▸ **RECORDS FOR THE EXERCISE**:
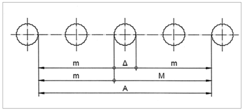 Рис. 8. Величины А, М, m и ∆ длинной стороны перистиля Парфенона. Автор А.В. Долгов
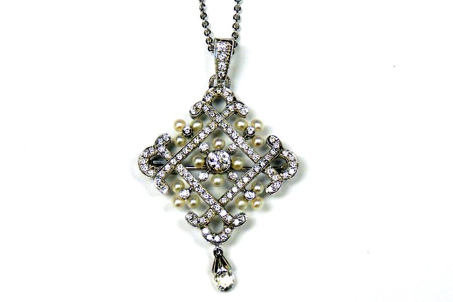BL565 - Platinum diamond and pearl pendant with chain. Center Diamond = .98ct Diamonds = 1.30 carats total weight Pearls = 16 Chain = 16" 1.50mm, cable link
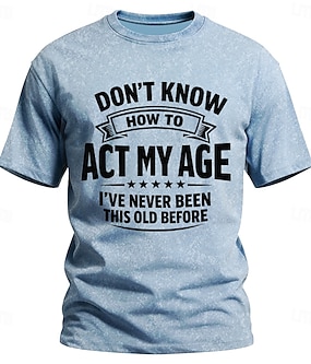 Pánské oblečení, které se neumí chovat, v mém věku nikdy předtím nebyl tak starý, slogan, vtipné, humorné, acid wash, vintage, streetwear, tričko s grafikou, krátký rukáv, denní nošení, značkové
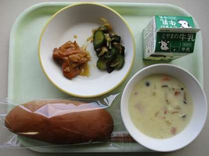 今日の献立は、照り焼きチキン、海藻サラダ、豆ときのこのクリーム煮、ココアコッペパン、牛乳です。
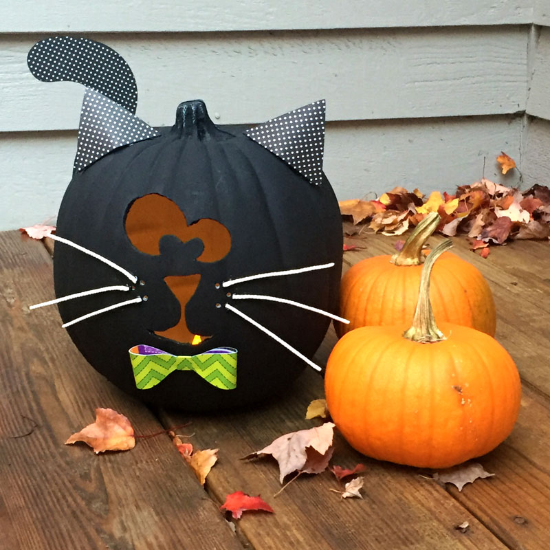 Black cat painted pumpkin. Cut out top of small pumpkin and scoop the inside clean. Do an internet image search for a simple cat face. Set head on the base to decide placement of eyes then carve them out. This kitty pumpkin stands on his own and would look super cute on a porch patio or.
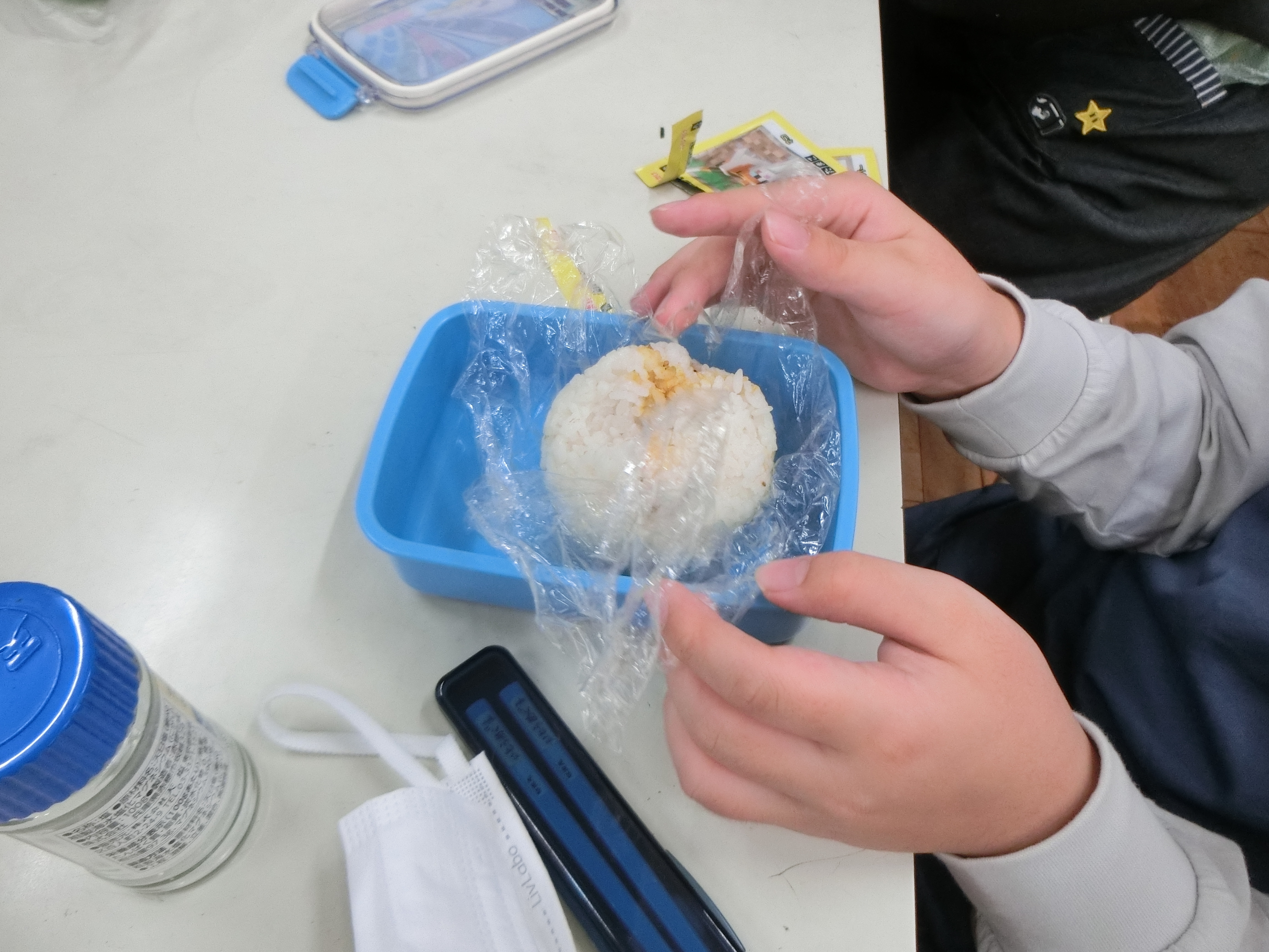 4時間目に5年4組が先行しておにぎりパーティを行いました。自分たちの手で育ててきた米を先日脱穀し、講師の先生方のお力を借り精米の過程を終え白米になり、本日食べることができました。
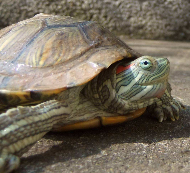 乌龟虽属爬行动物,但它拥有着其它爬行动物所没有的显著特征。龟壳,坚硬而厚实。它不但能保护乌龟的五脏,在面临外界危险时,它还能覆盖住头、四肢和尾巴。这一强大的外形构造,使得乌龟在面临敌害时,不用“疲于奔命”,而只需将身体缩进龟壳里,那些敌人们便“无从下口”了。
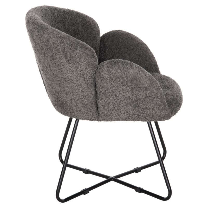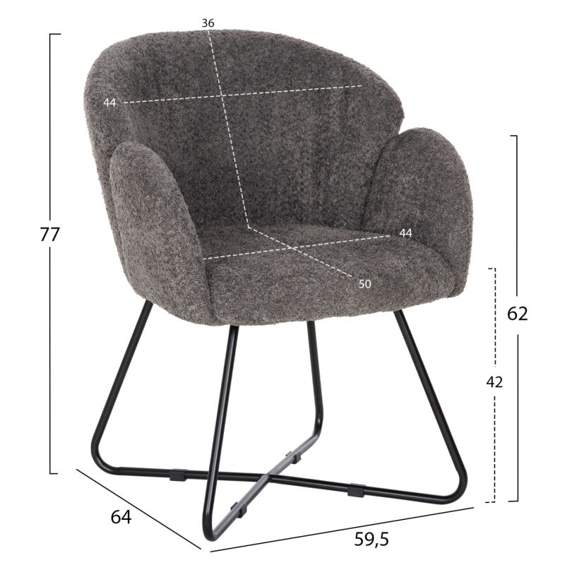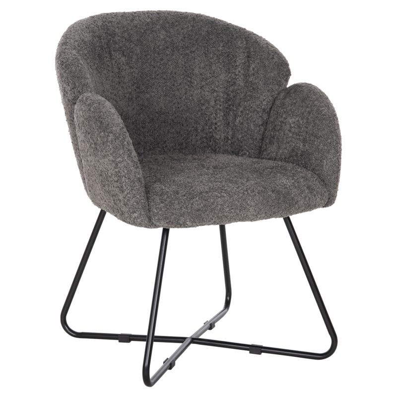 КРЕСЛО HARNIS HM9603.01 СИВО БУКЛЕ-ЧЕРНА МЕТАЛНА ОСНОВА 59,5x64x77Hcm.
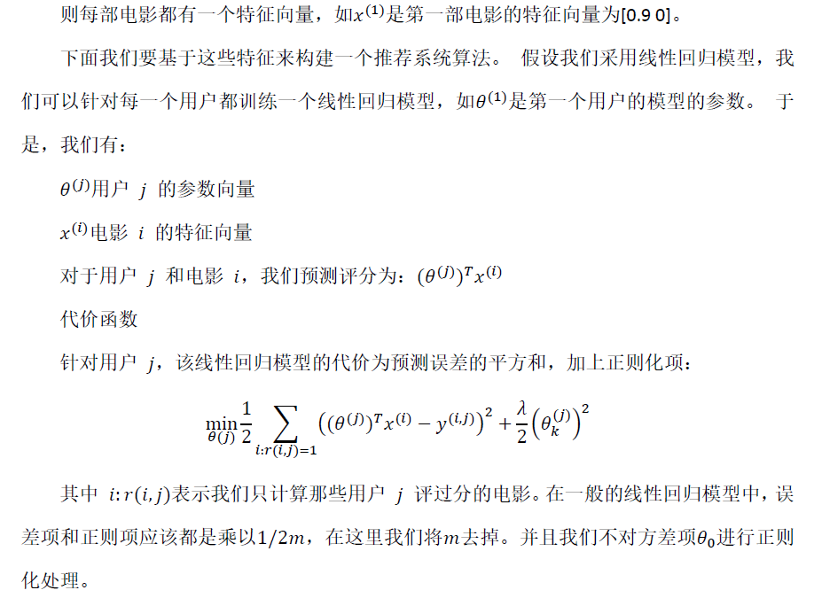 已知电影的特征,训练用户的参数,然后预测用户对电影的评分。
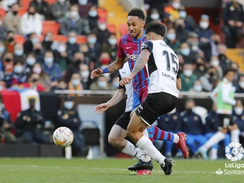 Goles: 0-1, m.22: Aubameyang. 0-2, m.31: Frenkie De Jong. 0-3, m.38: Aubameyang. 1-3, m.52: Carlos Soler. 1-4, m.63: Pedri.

* * *

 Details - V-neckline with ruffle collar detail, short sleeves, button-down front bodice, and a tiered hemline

▸ **TASK DIRECTIONS**: Leaving out each picture, repeat exactly the lines above from the one that contains "4時間目に5年4組が先行して" through the one that contains "Goles: 0-1, m.22: Aubameyang.".

▸ **RESPONSE TO THE TASK**:
 4時間目に5年4組が先行しておにぎりパーティを行いました。自分たちの手で育ててきた米を先日脱穀し、講師の先生方のお力を借り精米の過程を終え白米になり、本日食べることができました。
 乌龟虽属爬行动物,但它拥有着其它爬行动物所没有的显著特征。龟壳,坚硬而厚实。它不但能保护乌龟的五脏,在面临外界危险时,它还能覆盖住头、四肢和尾巴。这一强大的外形构造,使得乌龟在面临敌害时,不用“疲于奔命”,而只需将身体缩进龟壳里,那些敌人们便“无从下口”了。
 КРЕСЛО HARNIS HM9603.01 СИВО БУКЛЕ-ЧЕРНА МЕТАЛНА ОСНОВА 59,5x64x77Hcm.
 已知电影的特征,训练用户的参数,然后预测用户对电影的评分。
 Goles: 0-1, m.22: Aubameyang. 0-2, m.31: Frenkie De Jong. 0-3, m.38: Aubameyang. 1-3, m.52: Carlos Soler. 1-4, m.63: Pedri.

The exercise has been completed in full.